Port Royal de Pegasus Spiele (POUÊT le Spiel, POUÊT le Kenner) est sympathique et convaincant, mais les gouverneurs sont quand même super forts.

Ma nièce de 12 ans


Port Royal
Un jeu de Alexander Pfister
Illustré par Klemens Franz
Publié par Pegasus Spiele
2 à 5 joueurs
A partir de 8 ans
Langue des règles: Allemande, Anglaise
Durée: 25 minutes
Prix: 9,90 €


6 « J'aime »

Merci pour cette explication, qui donne envie d'essayer le jeu rien que pour lancer un championnat du monde de croisement de bras autour de la table.

Et pour la poule, j'ai beaucoup ri, et j'en ai même pas honte!

vivement le prochain article!

Présentation toujours super sympathique et drôle.

Et, je confirme, excellent jeu !

La mise en place est beaucoup plus compliquée qu'annoncée : en plus de la phase 1 parfaitement décrite, il faut distribuer 3 cartes côté "pièces" à chacun : pas loin de 15 secondes à 5 joueurs !!!

Et puis certes le gouverneur est très fort, mais il coûte très cher et ne rapporte aucun point de victoire direct : il faut être sûr de pouvoir le rentabiliser...

Merci pour l'article, Port royal étant, au-delà, de ses qualités ludiques, un excellent jeu pour le voyage : que des cartes, mise en place rapide, pas besoin de beaucoup de place pour jouer, pour un prix ridiculement ridicule...

Excellent :)

Le jeu à l'air sympa, existe t-il une traduction française des règles svp ?

+1

Un bon jeu pour un prix modique.

Mangez-en !

Comme je l'ai si bien écrit sur le Forum :

Pour ceux que ça intéresse, j'avais traduit les règles de la version originelle "Händler der Karibik". Je l'avais mis en ligne sur BGG suite à un échange avec l'illustrateur. Quand Pegasus Spiele est entré dans la danse, Franz Klemens m'a demandé de retirer la traduction pour deux raisons :
1. Pegasus Spiele veut garder le contrôle pour avoir toute la main en cas de partenariat avec un distributeur étranger (français en l'occurrence).
2. Pegasus Spiele a légèrement fait évoluer les règles pour notamment proposer le jeu dans une version pour 2 à 5 joueurs (contre 2 à 4 joueurs à l'origine).

Je ne me suis pas penché sur les nouvelles règles, mais s'il y a des amateurs des règles originelles, un petit MP avec une adresse de messagerie et je l'envoie fissa.

1 « J'aime »

éclairage intéressant sur ce jeu, qui semble le mériter !

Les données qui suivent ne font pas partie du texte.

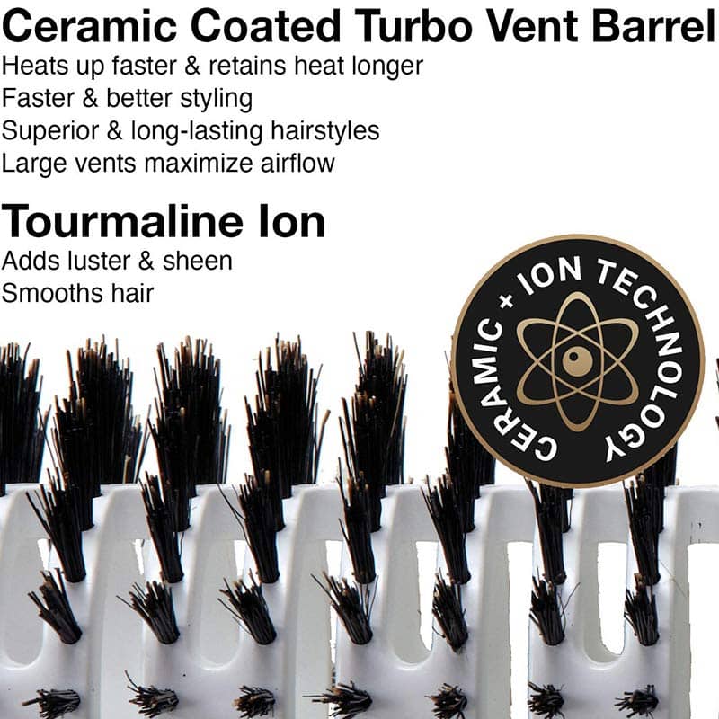 Anti-static. Ion-charged bristles. Comfortable ball point tips. Gentle on hair & scalp. Large vents maximize airflow. Create curls, waves or add volume.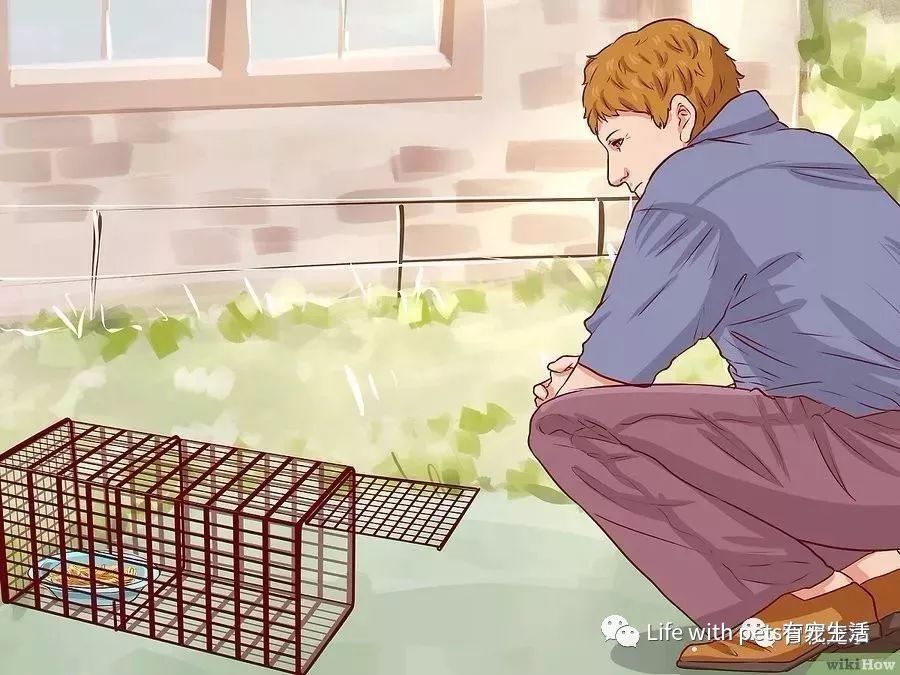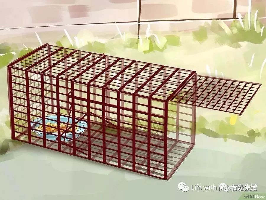 2 设置一个活兽陷阱。活兽陷阱制作简单,使用安全,不费吹灰之力便可以捕捉到猫,同时不会伤害到它们。在陷阱里放些食物做诱饵,等猫咪走进陷阱后门就会落下来,将其安全地关在笼子里。等流浪猫被困住后,不要将其从笼中抓出来,要带着笼子将其交给兽医。
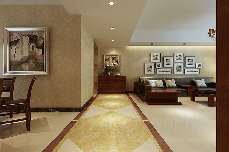 现代中式风格更多地利用了后现代手法,墙上挂一幅中国山水画等传统的书房里自然少不了书柜、书案以及文房四宝。 中式风格的客厅具有内蕴的风格,为了舒服,中式的环境中也常常用到沙发,但颜色仍然体现着中式的古朴,中式风格这种表现使整个空间,传统中透着现代,现代中揉着古典。这样就以一种东方人的“留白”美学观念控制的节奏,显出大家风范,其墙壁上的字画无论数量还是内容都不在多,而在于它所营造的意境。可以说无论西风如何劲吹,舒缓的意境始终是东方人特有的情怀,因此书法常常是成就这种诗意的最好手段。这样躺在舒服的沙发上,任千年的故事顺指间流淌。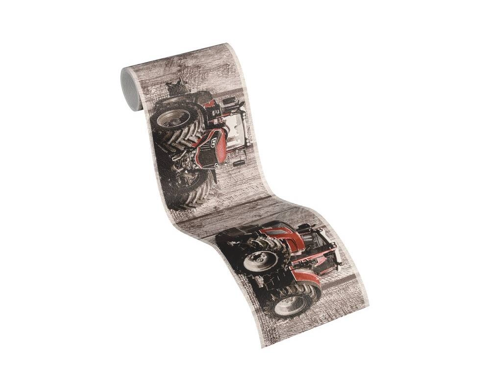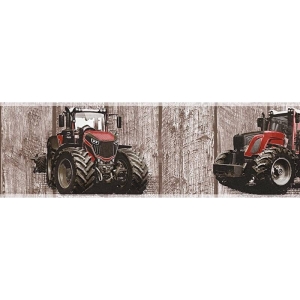 Ten wzór znajdzie uznanie wśród osób, które cenią sobie jasne kolory i ciekawe wzory w aranżacji dziecięcych wnętrz. Tło paska tworzy drewniana boazeria w odcieniach brązu. Ozdobą paska są czerwone traktory, które wyglądają bardzo realistycznie, z pewnością będą ciekawą aranżacją w pokoju chłopca. Powierzchnia tapety matowa, lekko chropowata w dotyku. Wzór doskonale sprawdzi się jako ozdoba pokoju dziecięcego, tworząc ciekawe i niepowtarzalne wnętrze. Wzór ten może być wykorzystany jako wykończenie całego pomieszczenia, lub wybranego fragmentu ściany, w połączeniu ze spójnymi dodatkami stworzy ciekawą kompozycję dla naszego wnętrza.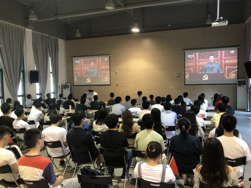奋斗百年路,启航新征程。7月1日,庆祝中国共产党成立100周年大会在天安门广场隆重举行。中共中央总书记、国家主席、中央军委主席习近平发表重要讲话。台湾a片 党委组织全体师生党员在新能源大楼121多功能厅集中收看了大会盛况,认真聆听、学习、领会习近平总书记重要讲话精神。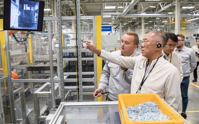 정의선 회장이 현대차 체코공장 내에 위치한 현대모비스 배터리시스템(BSA) 공장에서 현지 직원과 이야기를 나누고 있다. 사진=현대차그룹이미지 확대보기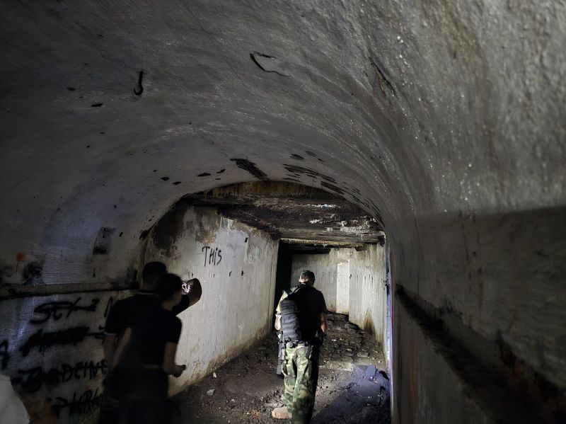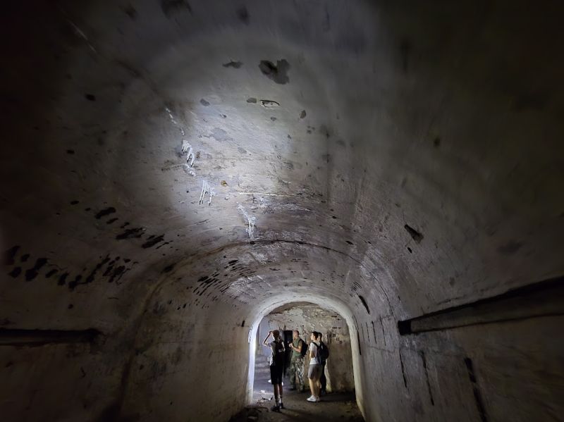 W trakcie wędrówki po forcie znaleźliśmy skrytkę geocachingu (zabawy polegającej na poszukiwaniu skrytek, tzw. keszy, z wykorzystaniem współrzędnych grograficznych). Był w niej mały notatnik, do którego się wpisaliśmy oraz zostawiliśmy po sobie brelok do kluczy z Brańszczyka. W forcie była też bardzo dobrze zachowana poterna (podziemne przejście umożliwiające komunikację wewnątrz fotru). Przeszliśmy nią. Było to moje pierwsze przejście takim podziemnym korytarzem. Prawdopodobie szybko przez kolejną nie przejdę, ponieważ dobrze zachowane poterny rzadko występują.

Bon, pas facile de lire M. Seito à 2h30 du matin : d'habitude j'attends d'avoir toutes mes capacités :)

Et merci pour le croisement de bras d'Assou-Ekotto, qui est clairement hors norme, stratosphériquement au dessus des autres. J'ai bien ri !

Un très bon jeu... un peu déséquilibré car certains pouvoirs ne semblent pas être intéressant au vue de la rapidité des parties... il manque encore un petit rodage pour en faire un SUBLIME jeu... je vous dit cela après une vingtaine de parties.

Néanmoins, vous pouvez y aller car c'est sympa, rapide (15 minutes) et cela plait à tout le monde...

@Le bretteur moi j'aimerais beaucoup que tu m'envois tes règles françaises. Merci d'avance.